- **Aim of the task**
Please retype the entries below exactly, only from their first line through the line containing "ancienne pipe sud", leaving every picture out.

[Records from a collection]
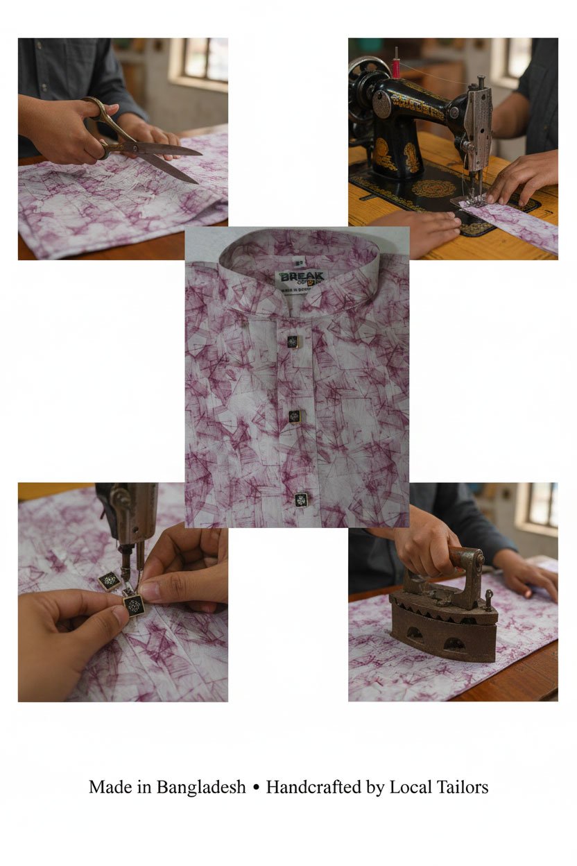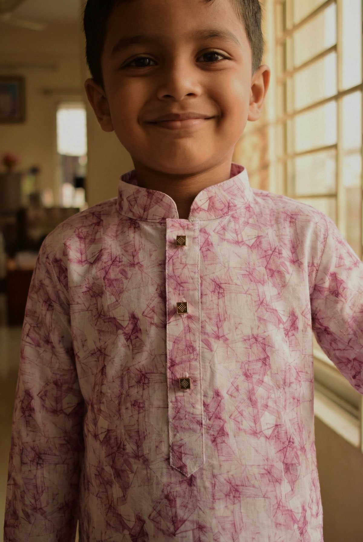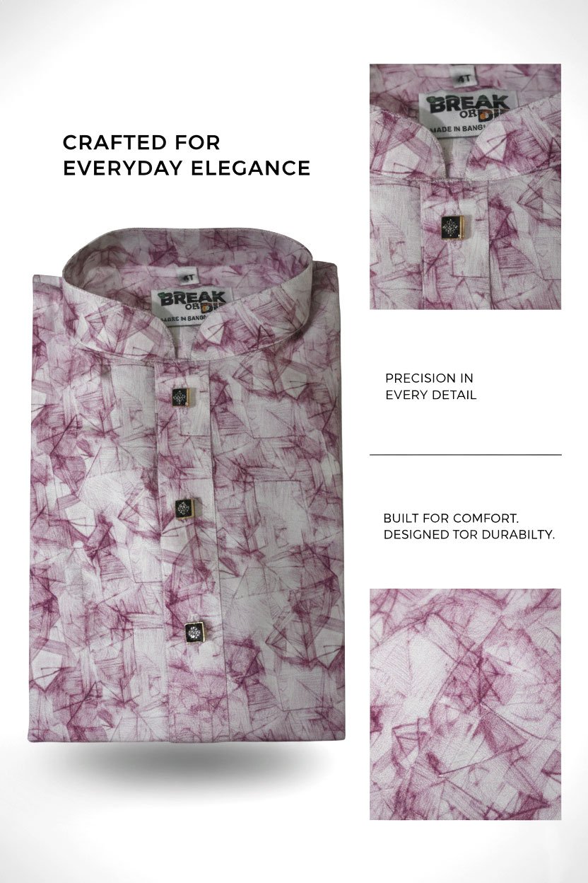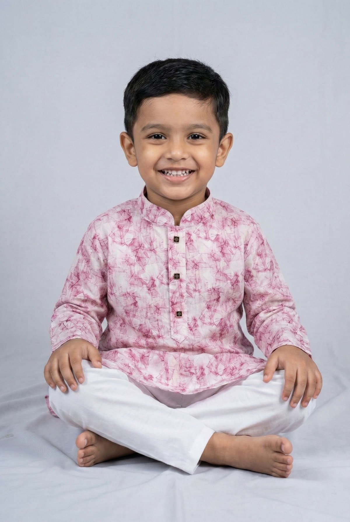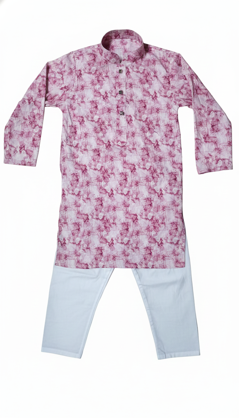 Made from 100% pure cotton, this set is soft, breathable, and gentle on delicate skin—perfect for all-day wear. The pink and white abstract print brings a fresh, joyful look, while the classic Panjabi silhouette keeps the design rooted in heritage style.
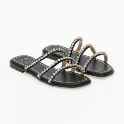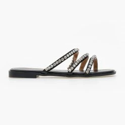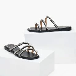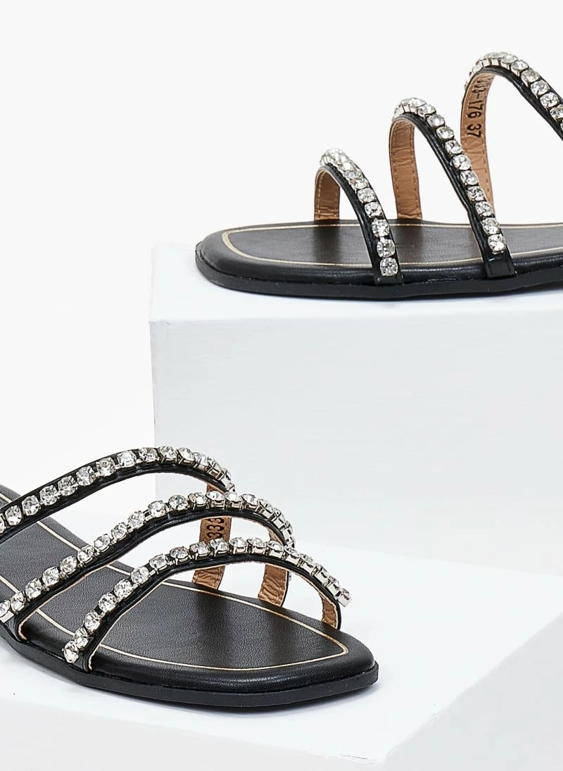 Σανδάλια φλατ σε καρέ γραμμή. Έχουν τρία λουράκια στο κουτεπιέ τα οποία είναι στολισμένα με strass.
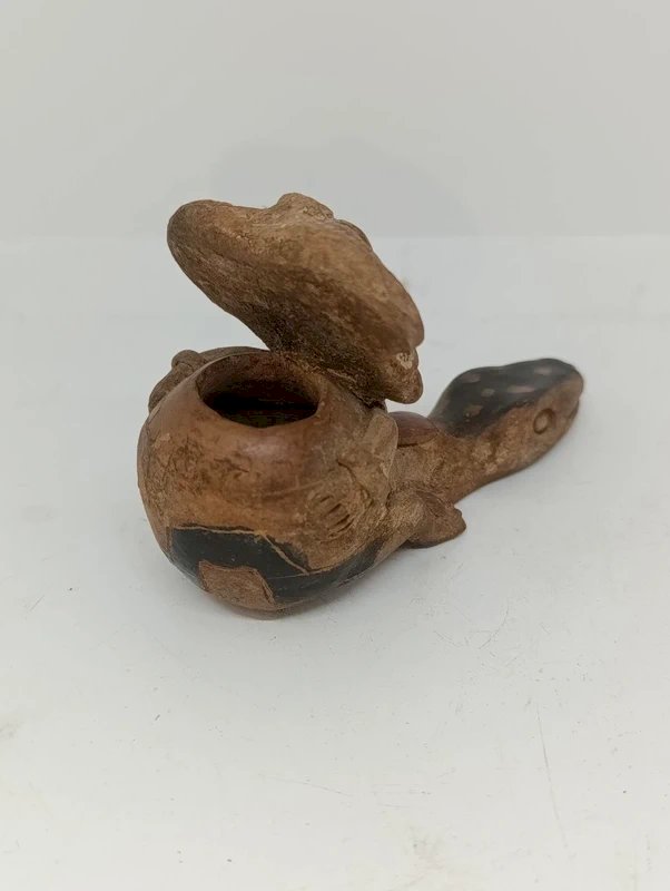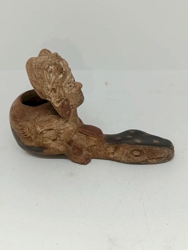 ancienne pipe sud americaine maya, azteque? en bon etat en terre cuite quelques petites marques d'usures normales du a son age epoque à definir longueur 11.5cm...
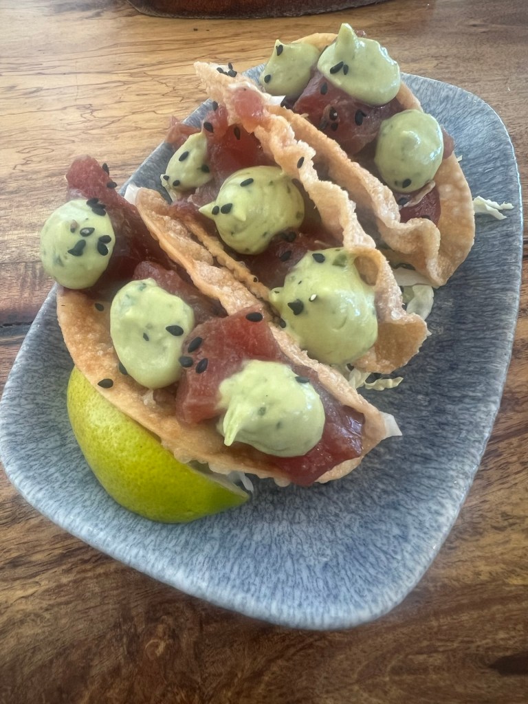the no ka oi was light and subtly sweet with a little punch at the end. i am going to try my hand at recreating it at home. while anj is gluten free, enzo and i aren’t so we enjoyed the focaccia without her. there was no way i was going to be in hawaii and not have fresh fish everywhere we went – the poke tacos were to die for. the wonton shells were light and flaky and the ahi melted like butter.
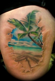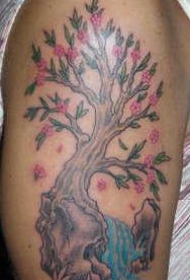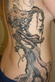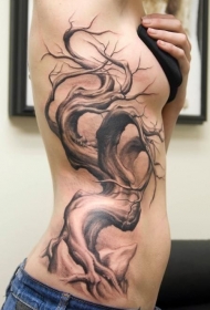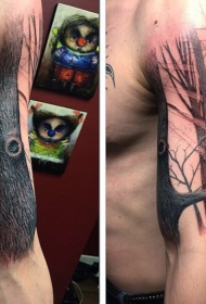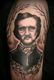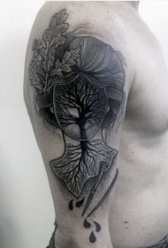 肩部黑灰色超现实主义风格的女人肖像纹身图案
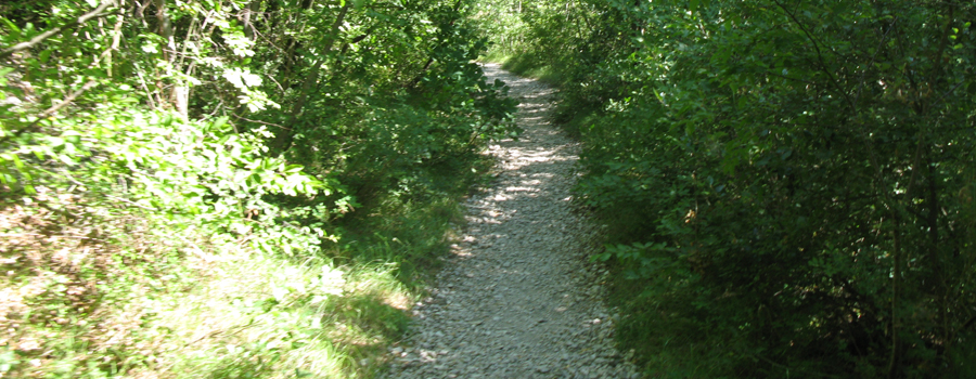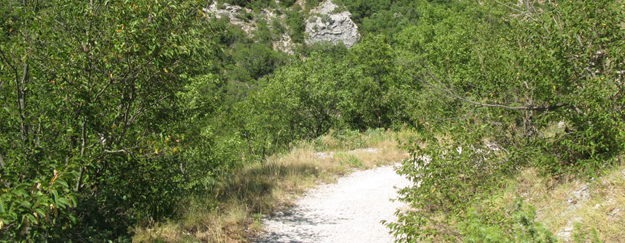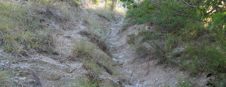 Oltrepassato il fosso per l'ultima volta, il percorso se ne stacca ora nettamente, iniziando una risalita più ripida sul fianco della montagna, in ambiente caratterizzato da ginepri ed arbusti vari, con fondo in terra un po' friabile. La salita è comunque abbastanza breve, non più di 120 metri di dislivello e la traccia è ben individuabile e comoda da seguire.

- **Answer to the exercise**
 Made from 100% pure cotton, this set is soft, breathable, and gentle on delicate skin—perfect for all-day wear. The pink and white abstract print brings a fresh, joyful look, while the classic Panjabi silhouette keeps the design rooted in heritage style.
 Σανδάλια φλατ σε καρέ γραμμή. Έχουν τρία λουράκια στο κουτεπιέ τα οποία είναι στολισμένα με strass.
 ancienne pipe sud americaine maya, azteque? en bon etat en terre cuite quelques petites marques d'usures normales du a son age epoque à definir longueur 11.5cm...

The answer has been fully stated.